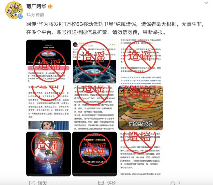 辟谣声明称,“网传‘华为将发射1万枚6G移动低轨卫星’纯属造谣,造谣者毫无根据,无事生非,在多个平台、账号推送相同信息扩散,请勿信勿传,果断举报。”
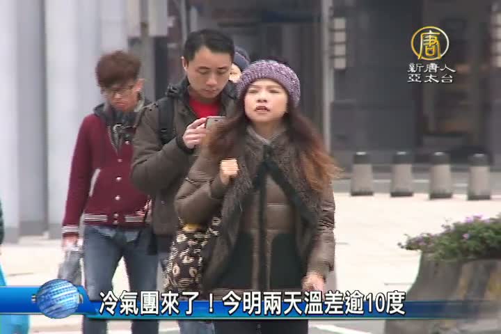 【新唐人亞太台 2016 年 12 月 13 日訊】今年入冬第一波冷氣團,今天晚上就要來報到了。今天,北部、東北部白天高溫還有24度;不過,明天星期三,溫度就會像溜滑梯一樣,低溫只剩下14度,一天內溫差差了有10度之多,而且到週六前,都是偏寒冷的天氣,提醒觀眾朋友要注意;另外,中國霧霾也可能隨著冷氣團南下,提醒有敏感症狀的族群,最好攜帶口罩。
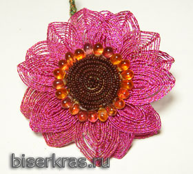 2 – НИЗАНИЕ ДУГАМИ ИЗ СКРУЧЕННОЙ МЕТАЛЛОНИТИ, т. е. тонкая проволочка скручивается с цветной нитью и из этой металлонити французской техникой бисероплетения - низанием дугами формируются легкие, воздушные лепестки. Этот способ достаточно не прост, но сама техника рукоделия не настолько сложна, насколько кропотлива, требует терпения, аккуратности и времени.
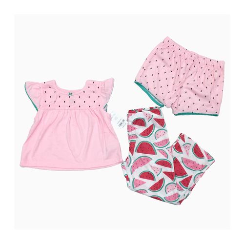 This lot includes 3-piece set includes tee, shorts & pants in Assorted Sizes. Tee: crew neck, flutter cap sleeves, shirred fabric details, bow accent, seed graphics, Shorts: elastic waistband, seed graphics, and Pants: elastic waistband, watermelon graphics. Everything brand new and individually wrapped and labelled.
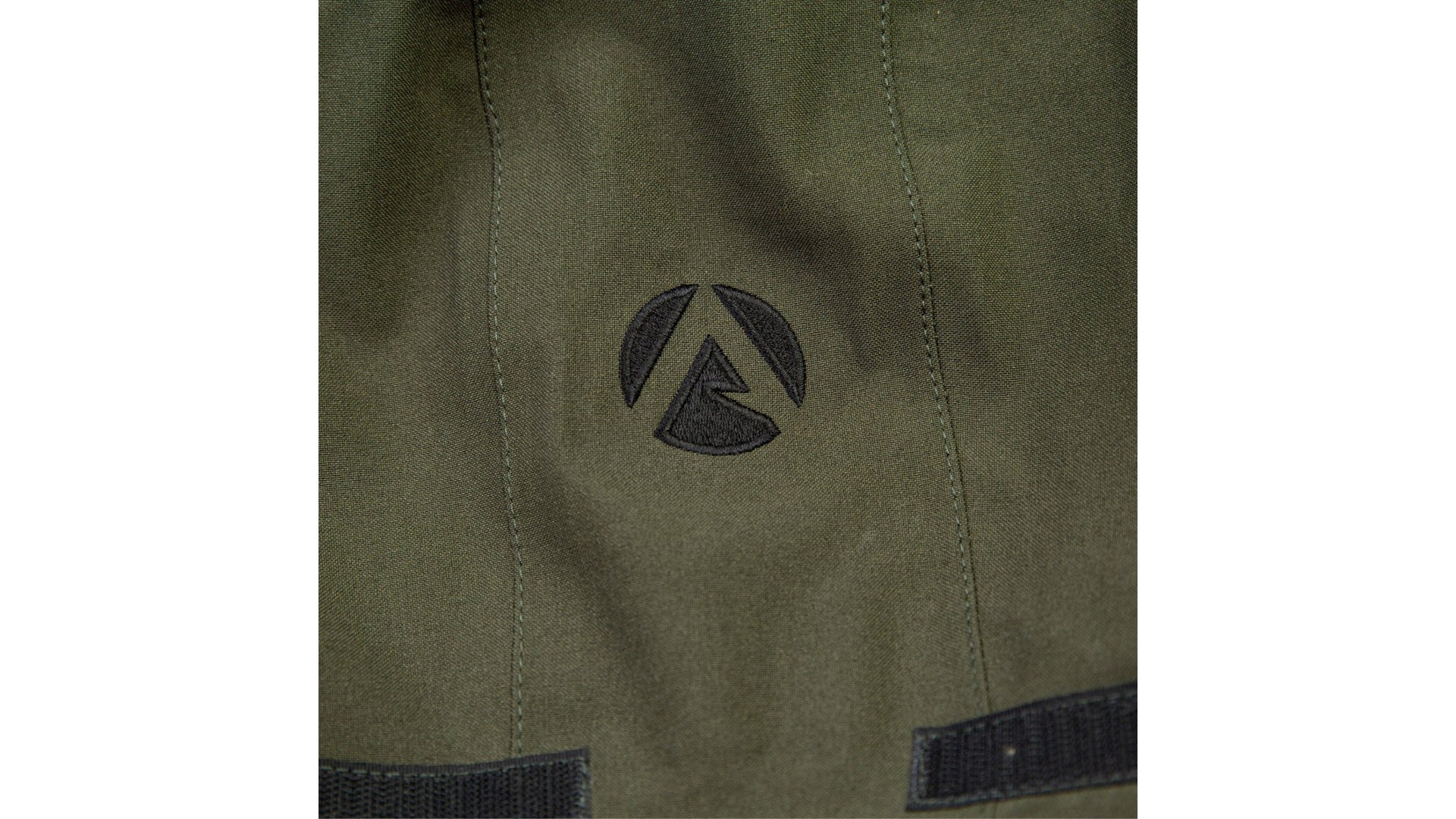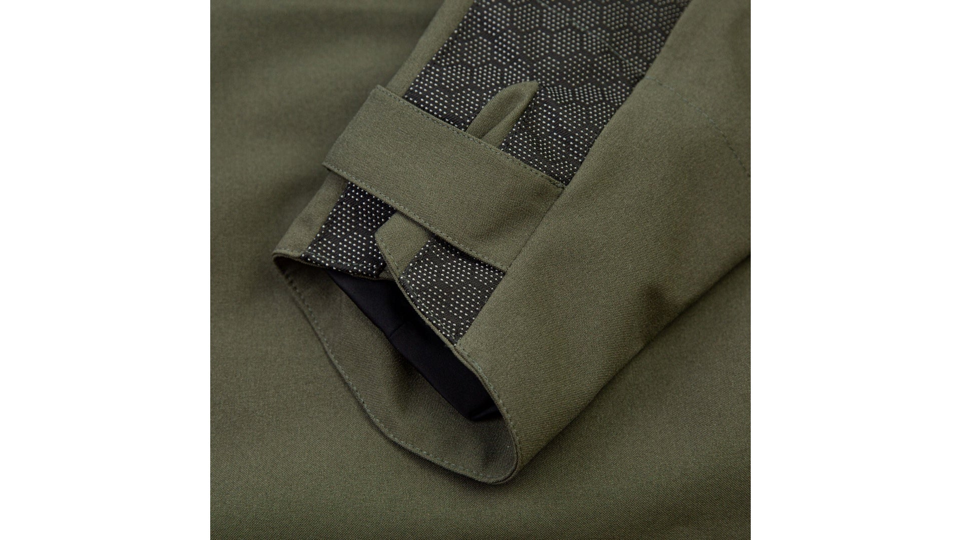 Ampia tasca con cerniera sul davanti della giacca, dotata di cerniere impermeabili e patta antivento. È inclusa una tasca nascosta sul petto, anch'essa protetta dalla grande patta antivento che copre la cerniera principale sul petto.
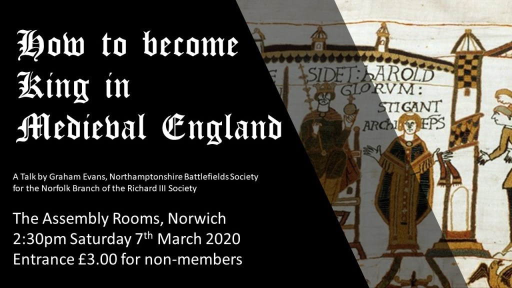 Graham will be giving his “How to Become King in Medieval England” talk., which proved quite a hit when given to the Society in November 2019. Open to non-members.

» Task instructions
Copy out, exactly and without pictures, each line from the one containing "2016 年 12 月" through the final line of the entries, both ends included.

» Result of the task
 【新唐人亞太台 2016 年 12 月 13 日訊】今年入冬第一波冷氣團,今天晚上就要來報到了。今天,北部、東北部白天高溫還有24度;不過,明天星期三,溫度就會像溜滑梯一樣,低溫只剩下14度,一天內溫差差了有10度之多,而且到週六前,都是偏寒冷的天氣,提醒觀眾朋友要注意;另外,中國霧霾也可能隨著冷氣團南下,提醒有敏感症狀的族群,最好攜帶口罩。
 2 – НИЗАНИЕ ДУГАМИ ИЗ СКРУЧЕННОЙ МЕТАЛЛОНИТИ, т. е. тонкая проволочка скручивается с цветной нитью и из этой металлонити французской техникой бисероплетения - низанием дугами формируются легкие, воздушные лепестки. Этот способ достаточно не прост, но сама техника рукоделия не настолько сложна, насколько кропотлива, требует терпения, аккуратности и времени.
 This lot includes 3-piece set includes tee, shorts & pants in Assorted Sizes. Tee: crew neck, flutter cap sleeves, shirred fabric details, bow accent, seed graphics, Shorts: elastic waistband, seed graphics, and Pants: elastic waistband, watermelon graphics. Everything brand new and individually wrapped and labelled.
 Ampia tasca con cerniera sul davanti della giacca, dotata di cerniere impermeabili e patta antivento. È inclusa una tasca nascosta sul petto, anch'essa protetta dalla grande patta antivento che copre la cerniera principale sul petto.
 Graham will be giving his “How to Become King in Medieval England” talk., which proved quite a hit when given to the Society in November 2019. Open to non-members.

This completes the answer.